Er fügte hinzu: „Der Minister scheint auch zunehmend verzweifelt und außer Kontakt zu sein und macht wilde Behauptungen über Zugverbindungen zwischen London und Manchester, ohne eine Ahnung zu haben, was tatsächlich passiert.“

Lynchs Kommentare beziehen sich darauf, dass Shapps die Anzahl der Züge, die zwischen Manchester und London verkehren, beim BBC-Frühstück überbewertet hat.

Shapps sagte: „Sie haben Ihren Zuschauern fälschlicherweise gesagt, dass nur ein Zug von Manchester nach London fährt. Das ist auch im reduzierten Fahrplan nicht der Fall – es sind vier Züge pro Stunde.“

Die Analyse der Zugfahrpläne durch die Press Association ergab, dass bis zum 10. September ein Zug pro Stunde in jede Richtung zwischen Manchester und London verkehrt.
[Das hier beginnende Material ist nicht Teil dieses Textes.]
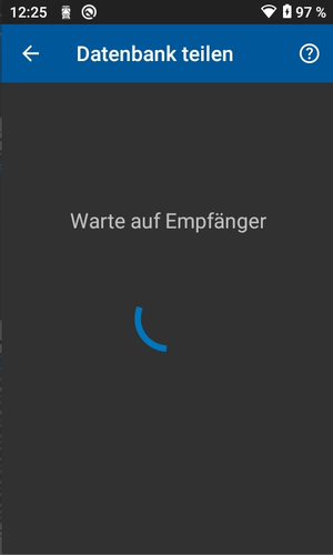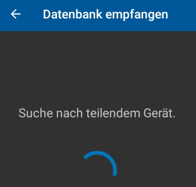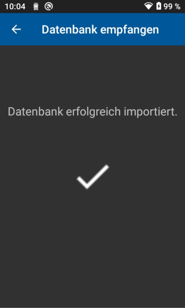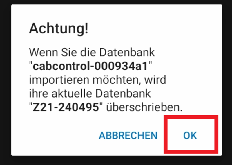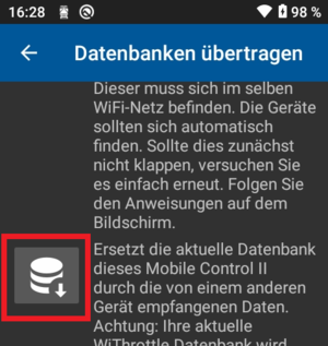 Navigieren sie zum zweiten Menüpunkt "Ersetzt die aktuelle Datenbank" und klicken Sie auf das Symbol, um die Übertragung der Daten zu starten. Bestätigen Sie die Warnung mit "OK".
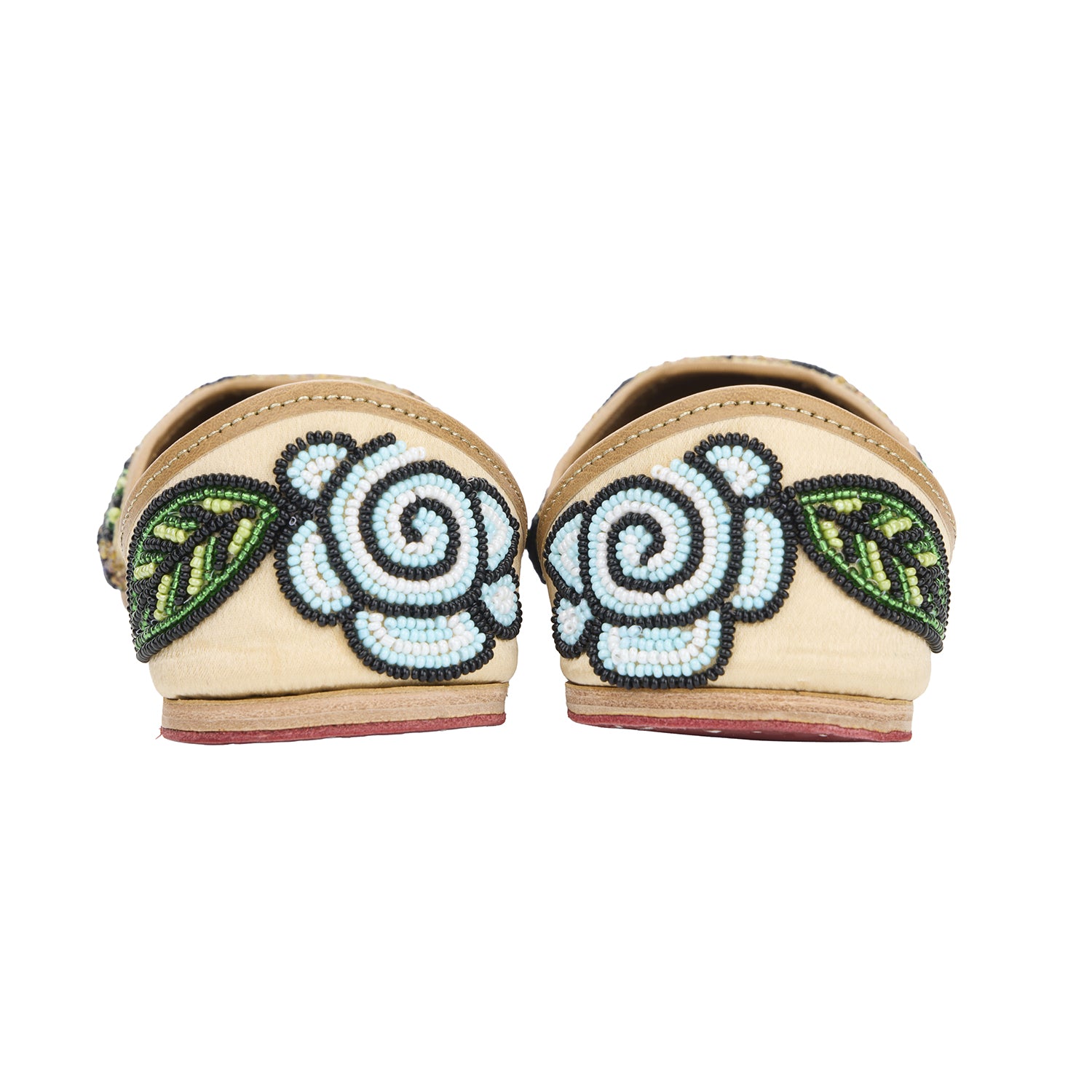 • Design: Abstract hand-beaded faces in vibrant tones Color Palette: Red, turquoise, green, blue with neutral base Upper Material: Premium fabric base with intricate bead embroidery Lining: Soft leather lining for breathable comfort Sole: Genuine leather sole with flexible finish

Die Sekretärin des Schattentransports, Louise Haigh, sagte, Shapps habe „keine Ahnung, wie schlimm die Störung ist, die er unterschrieben hat“, und nannte ihn „ahnungslos“.

Das Verkehrsministerium behauptete, Shapps beziehe sich auf die Gesamtfrequenz der von Avanti West Coast betriebenen Züge, die seit dem 14. August für alle Standorte von und nach London, einschließlich Manchester, auf vier pro Stunde in jede Richtung reduziert wurde.